Abstract

David Henry Lewis, who died 10 years ago, was a London GP and perhaps the most colourful seafaring adventurer of the second half of the last century. Undeterred by his limited experience as a seaman he left his practice in the hands of a locum to compete in the first single-handed transatlantic race in 1960. He snapped his main mast a few hours out of Plymouth, yet still reached New York in 53 days, coming third out of five competitors. He published his observations on the physical and emotional stress of extended single-handed sailing in the BMJ and the Journal of the College of General Practitioners ,1 the forerunner to the BJGP . After this, his return to general practice was brief. He sold his house and practice in 1964 and together with his wife and two daughters, the youngest still in a carry cot, set sail for the first circumnavigation in a catamaran. He sailed the 2200 miles from Tahiti to New Zealand without the aid of compass, sextant, chart, or any other navigational aid, solely relying on naked eye observations of wave patterns, sea life, and sun, moon and stars, to prove his theory that the ancient Maoris had been capable of long-distance voyaging using the same methods.

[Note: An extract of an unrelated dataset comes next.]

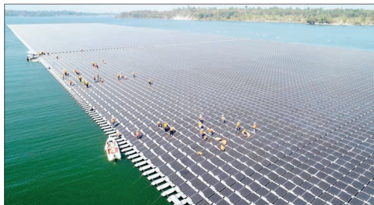
The floating solar farm at Sirindhorn Dam in Ubon Ratchathani.

A vast array of solar panels floats on the shimmering waters of a reservoir in northeast Thailand, symbolizing the kingdom's drive

He reached New Zealand only 26 miles south of his intended landfall, and published the results of his observations in the Journal of the Royal Society of Navigation and the Journal of the Polynesian Society . After being granted a scholarship at the Australian National University he purchased Isbjorn , a wooden Scottish fishing ketch, and left England for good to embark on several years of field research in the South Pacific. In 1972 he published We, the Navigators ,2 his book on the ancient art of landfinding …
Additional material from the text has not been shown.